Prevention and Diagnosis
The estimated incubation period for COVID-19 is up to 14 days from the time of exposure, with a median incubation period of 4 to 5 days. Patients with COVID-19 often have clinical manifestations of fever (85–89%), cough (68–86%), and shortness of breath (19–80%). In a study of 1,099 confirmed cases hospitalized with COVID-19, fever was present in 43.8% of patients at admission but ultimately developed in 88.7% of patients during hospitalization.1
Less common symptoms are nausea (24%), muscle ache (11–15%), confusion (9%), headache (8–14%), sore throat (5–18%), nasal congestion/rhinorrhea (5–16%), chest pain (2%), and diarrhea (2–27%). Other reported symptoms have included anosmia, dysgeusia, sputum production, dizziness, abdominal pain, anorexia, and vomiting. 1-3
The clinical spectrum of COVID-19 ranges from asymptomatic to respiratory failure to multiorgan and systemic manifestations. A large study of 44,672 confirmed COVID-19 cases identified by the Chinese Centers for Disease Control and Prevention found that4:
- 81% of cases were mild (e.g., non-pneumonia and mild pneumonia)
- 14% of cases were severe (e.g., dyspnea, respiratory frequency ≥30/min, blood-oxygen saturation ≤93%, partial pressure of arterial oxygen to fraction of inspired oxygen ratio <300 mm Hg, and/or lung infiltrates >50% within 24 to 48 hours)
- 5% of cases were critical (e.g., respiratory failure, septic shock, and/or multiple organ dysfunction or failure)

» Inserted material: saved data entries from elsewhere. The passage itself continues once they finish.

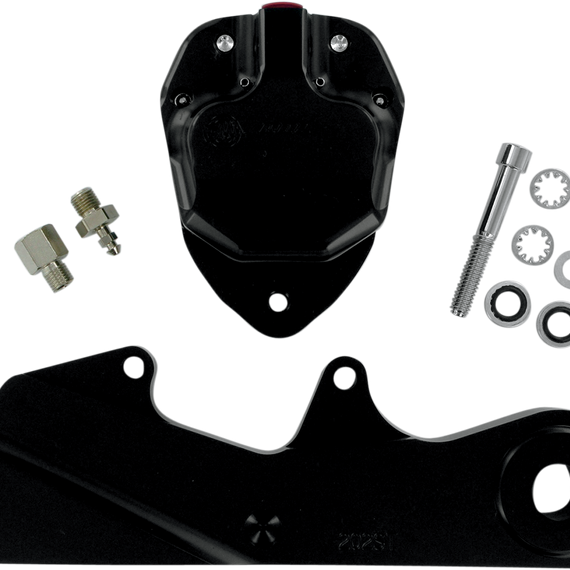 Caracteristicas: Raw metal on black contrast calipers is anodized for a long-lasting high-quality finish Two piston designs for various H-D models (including rigid frames) Hanger brackets and brake pads included For use with 11.5" rotors Made in the U.S.A. The OLD-STYLE Wagner and Kelsey-Hayes (die-cast aluminum OEM) on rear applications have a 3/4" bore master cylinder and WILL NOT WORK CORRECTLY. Not recommended for use with imported stainless steel rotors. Requires use of 5/8" bore master cylinder.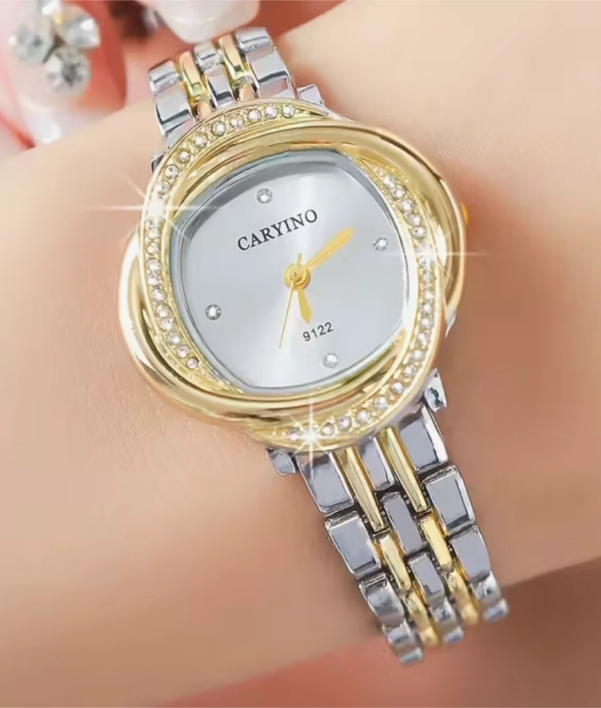 A Caryino women's watch with a two-tone metal band. It features a crystal-accented bezel and a silver-toned face with gold-toned hands and markers. This watch combines classic style with a bit of sparkle!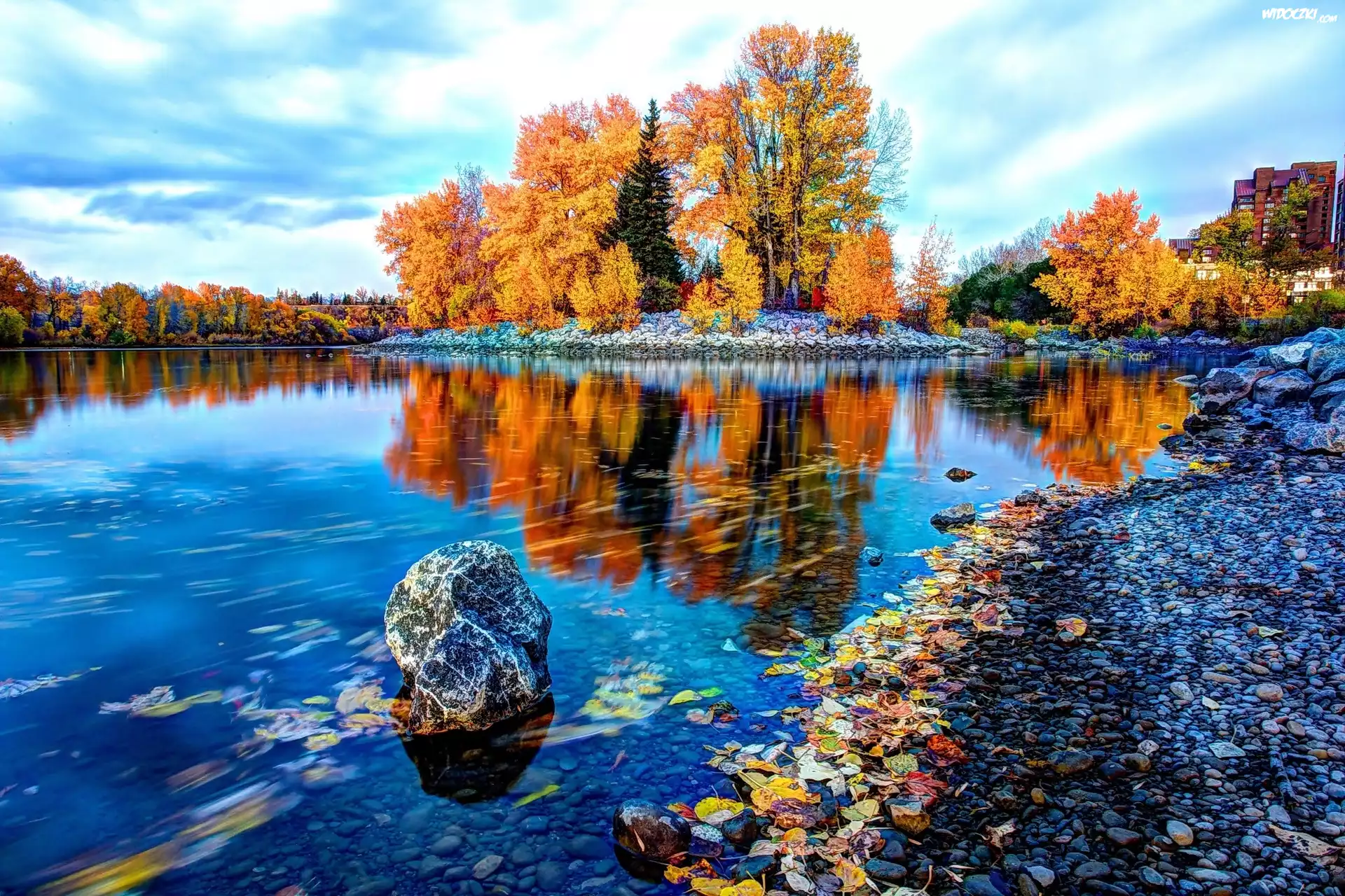 Zdjęcia, Rzeka, Lasy, Kamienie, Liście, Jesień, Prowincja, Alberta, Kanada

The overall case-fatality rate (CFR) identified in this study was 2.3%. No deaths were reported among mild and severe cases, but the CFR was 49.0% among critical cases.4
In Italy, up to 12% of all positive COVID-19 cases required admission to the intensive care unit (ICU).5 A study of hospitalized patients in China found that 32% were admitted to the ICU.6 The median time from symptom onset to the development of pneumonia is 5 days, and the median time from symptom onset to severe hypoxemia and ICU admission is 7–12 days. Acute hypoxemic respiratory failure from acute respiratory distress syndrome (ARDS) is the most common complication, found in 60–70% of patients admitted to the ICU. Shock (30%), myocardial dysfunction (20–30%), and acute kidney injury (10–30%) also account for a substantial number of complications related to COVID-19.5
Risk Factors for Severe Illness
In a study of 44,672 confirmed COVID-19 cases in China, the CFR was elevated among those with preexisting comorbid conditions, including cardiovascular disease (10.5%), diabetes (7.3%), chronic respiratory disease (6.3%), hypertension (6.0%), and cancer (5.6%).4 A study of 1482 patients hospitalized with COVID-19 in the United States (US) found that 89.3% had one or more underlying conditions, the most common being hypertension (49.7%), obesity (48.3%), chronic lung disease (34.6%), diabetes mellitus (28.3%), and cardiovascular disease (27.8%).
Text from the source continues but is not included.